- [Assignment] Everything below from the line with "Зимние комары передвигаются" through the line with "1997 $1 American" should be copied exactly, and nothing else; leave out the pictures.

- [Provided information]
------------
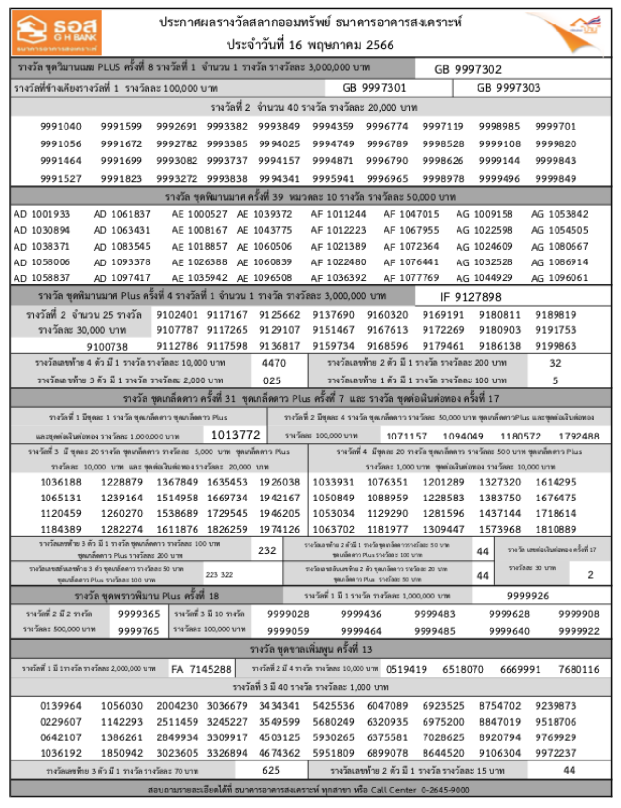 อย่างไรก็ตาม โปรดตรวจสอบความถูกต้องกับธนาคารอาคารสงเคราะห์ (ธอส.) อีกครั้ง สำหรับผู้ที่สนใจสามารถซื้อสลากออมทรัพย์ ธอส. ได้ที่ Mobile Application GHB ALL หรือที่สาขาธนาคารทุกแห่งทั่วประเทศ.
------------
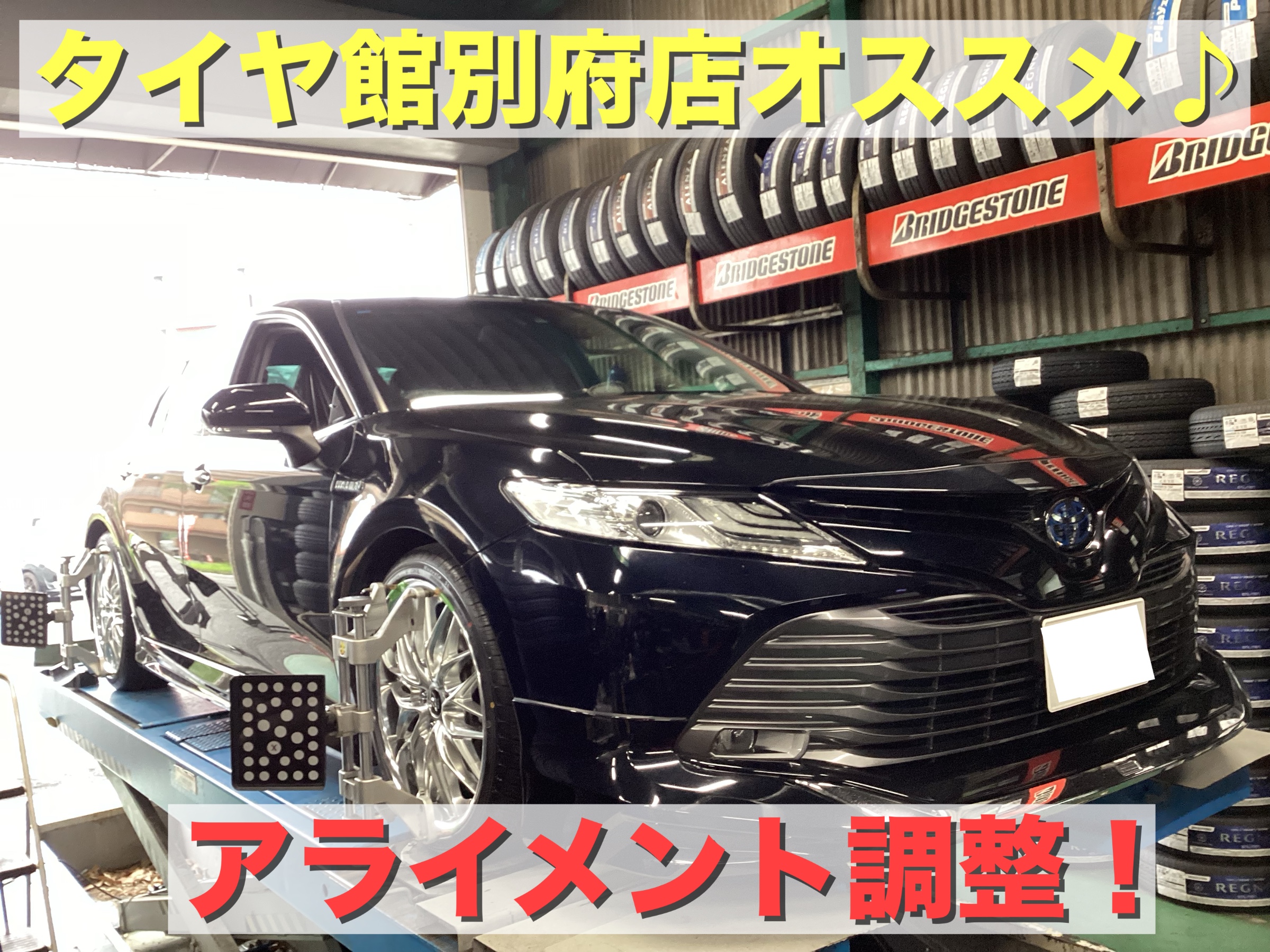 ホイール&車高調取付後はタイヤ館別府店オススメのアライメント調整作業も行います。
------------
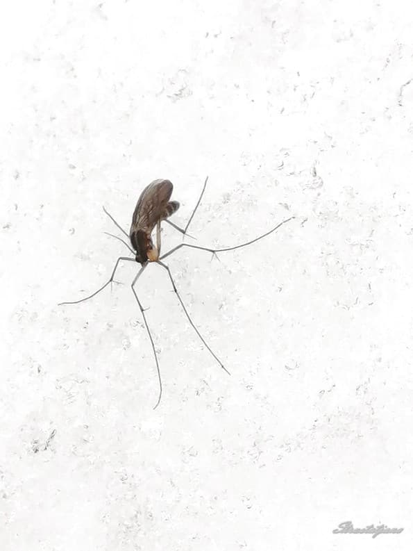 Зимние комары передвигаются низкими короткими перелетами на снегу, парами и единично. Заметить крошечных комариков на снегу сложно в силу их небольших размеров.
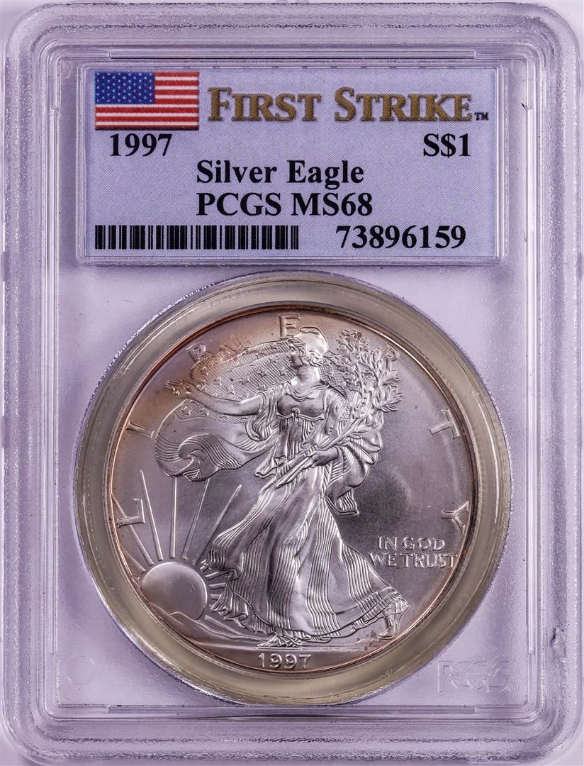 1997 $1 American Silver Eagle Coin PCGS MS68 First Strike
------------
- [Output for this task]
 Зимние комары передвигаются низкими короткими перелетами на снегу, парами и единично. Заметить крошечных комариков на снегу сложно в силу их небольших размеров.
 1997 $1 American Silver Eagle Coin PCGS MS68 First Strike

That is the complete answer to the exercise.